Теоретическая механика позволяет далее предсказать, к чему должен прибегнуть Великий Конструктор, чтобы вариант низкого центра тяжести стал инженерно приемлем. «Нельзя, например, увеличить сечение ног — это приведет к увеличению момента инерции, что в свою очередь увеличит расход энергии на ходьбу…» Пришлось уменьшить по сравнению с мужчиной все размеры и сечения мышц и костей выше центра тяжести. И складу женской фигуры, кстати говоря, мы обязаны правилами вежливости.

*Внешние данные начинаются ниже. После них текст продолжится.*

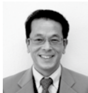
平成19年度当時： 河辺中学校 3年担任

あの頃は、たくさんの感動をありがとう。これから生きていく道でも、あなたたち一人ひとりの温かい光を灯し続けていってください。これからも、ずっと応援しています。次に会える時を楽しみにして。

Оступаясь, подскальзываясь, Она труднее удерживает равновесие, чем Он. Мужчина благодаря «быстрому компенсирующему движению» изворачивается, а женщина не способна «развивать за короткое время большое усилие» и падает. Поэтому вам надлежит, спускаясь по лестнице, быть чуть впереди дамы, а поднимаясь — чуть сзади, на неровной скользкой дороге взять ее под руку, выходя из троллейбуса или такси, подстраховать.
При столь внимательном рассмотрении вопроса всплывает, однако, то обстоятельство, что устойчивость тел повышается с понижением центра тяжести. Но не по всякому же поводу спорить?